■ **TASK DETAILS**
Leave out the pictures and reproduce all of the data exactly.

*** MATERIAL SUPPLIED

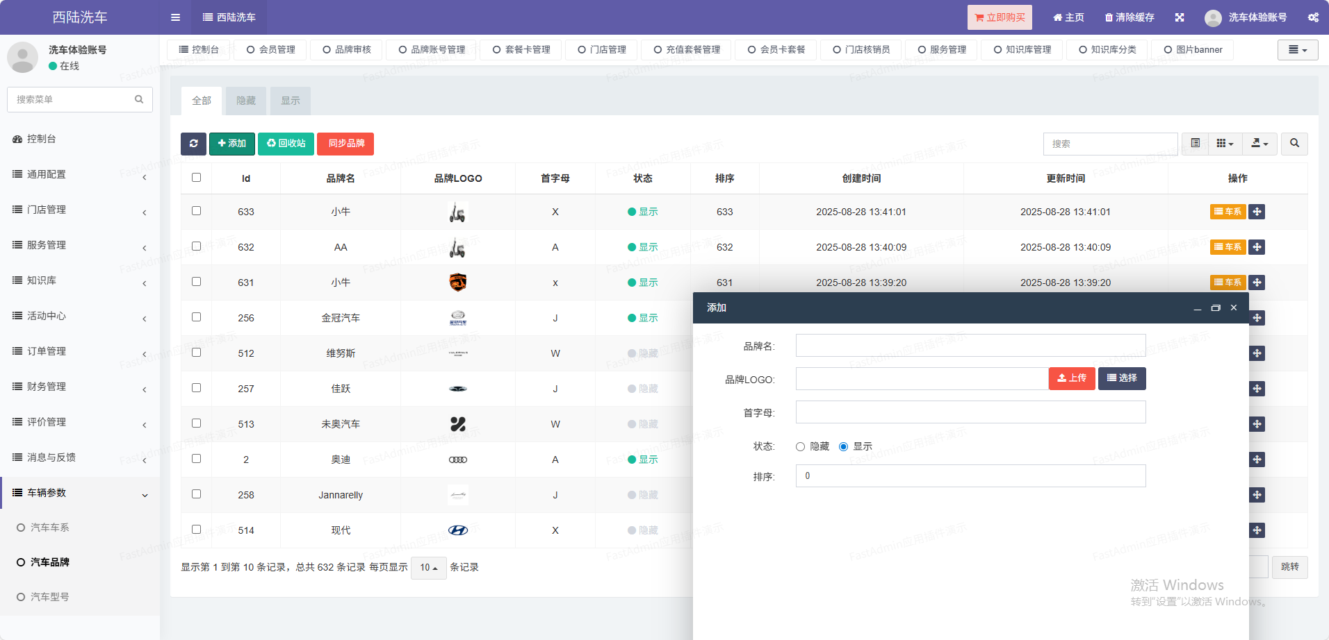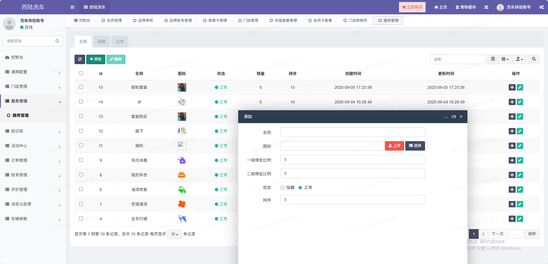 服务由平台统一添加,品牌主账号或独立门店可以勾选哪些服务并设置价格。
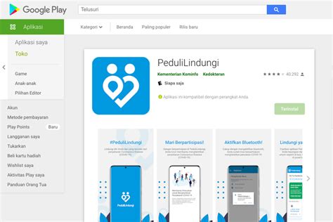 Penting untuk memastikan bahwa Aplikasi Pedulilindungi memiliki izin yang diperlukan di perangkat Anda. Buka pengaturan perangkat, cari dan pilih "Aplikasi" atau "Manajemen Aplikasi", lalu temukan Aplikasi Pedulilindungi dalam daftar aplikasi yang terpasang. Pastikan izin seperti lokasi, penyimpanan, dan akses data lainnya diaktifkan. Dengan mengizinkan akses ini, Aplikasi Pedulilindungi dapat berfungsi secara optimal dan memberikan informasi yang diperlukan.
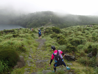 小雨の中6時にスタート、不動池近くまで上って会場に戻り、反対側のえびの岳を周回し、また会場に戻ります。前回と同じコースなのに前回は5.9Km、今回は4.3Kmです。登りで和崎さんに追いついて前後しながら進み、下りで先行しました。
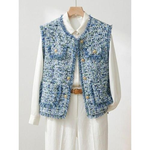 아이엠몽 여성 포켓 버튼 포인트 트위드 베스트
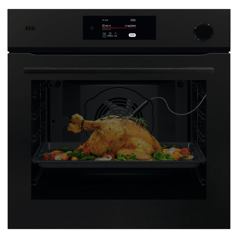 The AEG 60cm Multifunction 22 Steam Oven in matte black blends advanced steam technology with intelligent features for precision cooking at home. With SteamCrisp, it uses a combination of steam and traditional heat to deliver tender interiors and perfectly crisp exteriors, making it ideal for everything from roasts to pastries. The CookSmart Touch interface provides intuitive access to 22 cooking functions, while AI-powered TasteAssist fine-tunes time and temperature for consistently delicious results. A built-in Food Sensor ensures accurate internal readings for meats and bakes, giving you greater control and confidence. For healthier meals, the AirFry function creates crispy textures with minimal oil. Cleaning is effortless thanks to PyroLuxe self-cleaning, which burns away residue at high temperatures. Telescopic runners make it easy to check on your dishes safely, and the oven?s refined matte black finish adds a sleek, modern touch to any kitchen. Designed for cooks who demand performance, versatility and style, this oven makes every meal an opportunity to impress.

******

■ **ANSWER BOX**
 服务由平台统一添加,品牌主账号或独立门店可以勾选哪些服务并设置价格。
 Penting untuk memastikan bahwa Aplikasi Pedulilindungi memiliki izin yang diperlukan di perangkat Anda. Buka pengaturan perangkat, cari dan pilih "Aplikasi" atau "Manajemen Aplikasi", lalu temukan Aplikasi Pedulilindungi dalam daftar aplikasi yang terpasang. Pastikan izin seperti lokasi, penyimpanan, dan akses data lainnya diaktifkan. Dengan mengizinkan akses ini, Aplikasi Pedulilindungi dapat berfungsi secara optimal dan memberikan informasi yang diperlukan.
 小雨の中6時にスタート、不動池近くまで上って会場に戻り、反対側のえびの岳を周回し、また会場に戻ります。前回と同じコースなのに前回は5.9Km、今回は4.3Kmです。登りで和崎さんに追いついて前後しながら進み、下りで先行しました。
 아이엠몽 여성 포켓 버튼 포인트 트위드 베스트
 The AEG 60cm Multifunction 22 Steam Oven in matte black blends advanced steam technology with intelligent features for precision cooking at home. With SteamCrisp, it uses a combination of steam and traditional heat to deliver tender interiors and perfectly crisp exteriors, making it ideal for everything from roasts to pastries. The CookSmart Touch interface provides intuitive access to 22 cooking functions, while AI-powered TasteAssist fine-tunes time and temperature for consistently delicious results. A built-in Food Sensor ensures accurate internal readings for meats and bakes, giving you greater control and confidence. For healthier meals, the AirFry function creates crispy textures with minimal oil. Cleaning is effortless thanks to PyroLuxe self-cleaning, which burns away residue at high temperatures. Telescopic runners make it easy to check on your dishes safely, and the oven?s refined matte black finish adds a sleek, modern touch to any kitchen. Designed for cooks who demand performance, versatility and style, this oven makes every meal an opportunity to impress.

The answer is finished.